Available data:

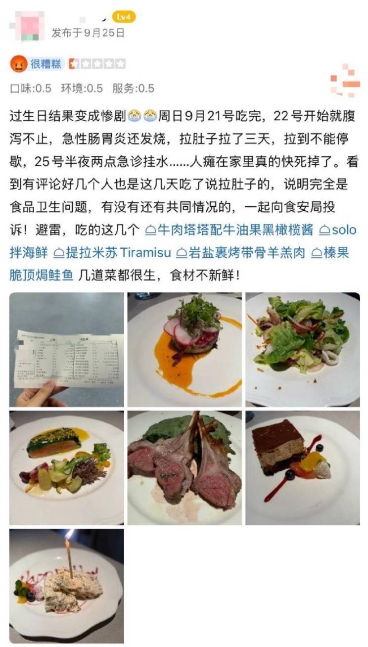 9月28日,“Solo”餐厅相关工作人员就此事回应,目前已与反馈不适的顾客取得联系,正处于协商沟通阶段。“我们今天已经向食药监部门提交了相关证明材料,包括餐厅的食品安全许可证、食材供货商信息,以及顾客提供的医疗就诊单据等。” 该工作人员强调,食品安全是餐厅始终坚守的底线,目前也已启动内部盘查。
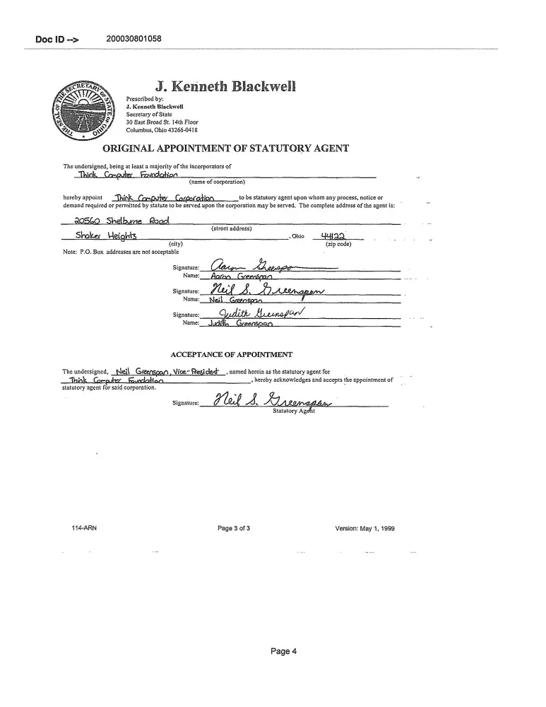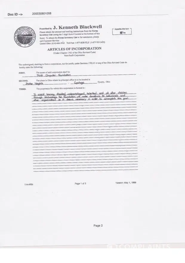 XAVIER BECERRA Attorney General State of California DEPARTMENT OF JUSTICE CT-470 Confirmation of Registration 1300 I Street P. O. Box 903447 Sacramento, CA [protected]-6400 Ext. 4 Fax: [protected] Registration@doj.ca.gov January 16, 2020 THINK COMPUTER FOUNDATION 20560 SHELBURNE RD SHAKER HEIGHTS OH 44122 State Charity Registration Number: CT0267109 RE: CONFIRMATION OF REGISTRATION WITH THE ATTORNEY GENERAL’S REGISTRY OF CHARITABLE TRUSTS The captioned entity has been assigned the State Charity Registration (“CT”) Number set forth above, however, the entity has not yet submitted all of the information required by California Code of Regulations, title 11, section 300, subdivision (b). To complete the initial registration file, please submit the following, together with a copy of this letter: 1. A copy of the Application for Recognition of Exemption (IRS Form 1023, 1023-EZ, or 1024), if submitted to the IRS. If you do not have a copy in your files, a copy can be requested from the IRS at [protected] or https://www.irs.gov/uac/about-form-4506a. 2. An executed copy of the most current bylaws. Please note that the Annual Registration Renewal Fee (Form RRF-1) Report must be filed annually four months and 15 days after the end of the organization’s accounting period. If an extension was requested from IRS, please file Form RRF-1 with the completed IRS informational return together with a copy of all extension requests. The organization’s address of record is used for any necessary contact. You are responsible for notifying the Registry in writing of any change of address. If the captioned organization contracts with a commercial fundraiser for charitable purposes or fundraising counsel, that entity must also register and file annual reports with the Registry. All forms and instructions are available on our website at http://oag.ca.gov/charities. Directors of nonprofit corporations are required to adhere to the provisions of the California Nonprofit Corporation Law (Corporations Code section 5000, et seq.). Trustees for charitable purposes are required to adhere to the provisions of California Probate Code (commencing with section 15000). Please respond within thirty (30) days from the date of this letter. Thank you for your attention to this correspondence
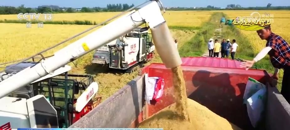 央視網(wǎng)消息:稻花香里說豐年,時下,湖北各地陸續(xù)進入了秋糧收割的關鍵時期。在孝感市孝南區(qū),這里的30萬畝糯稻迎來了豐收,稻田換上了一身亮麗“金裝”。
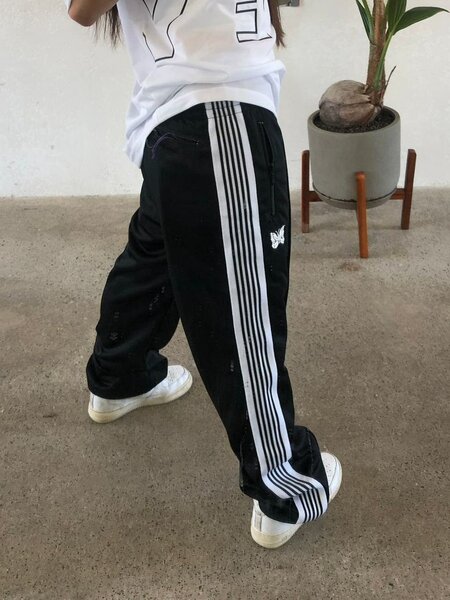 Ensemble de sport élégant et confortable, idéal pour les activités sportives ou décontractées. Composé d'un haut rose à manches longues avec bandes noires et un pantalon noir avec bandes blanches. Parfait pour les amateurs de style et confort. Associez-le avec des baskets pour un look dynamique et tendance.

Exercise brief:
Restate word for word the lines above that start at the line containing "央視網(wǎng)消息:稻花" and run to the end of the listing; exclude the pictures.

Task answer:
 央視網(wǎng)消息:稻花香里說豐年,時下,湖北各地陸續(xù)進入了秋糧收割的關鍵時期。在孝感市孝南區(qū),這里的30萬畝糯稻迎來了豐收,稻田換上了一身亮麗“金裝”。
 Ensemble de sport élégant et confortable, idéal pour les activités sportives ou décontractées. Composé d'un haut rose à manches longues avec bandes noires et un pantalon noir avec bandes blanches. Parfait pour les amateurs de style et confort. Associez-le avec des baskets pour un look dynamique et tendance.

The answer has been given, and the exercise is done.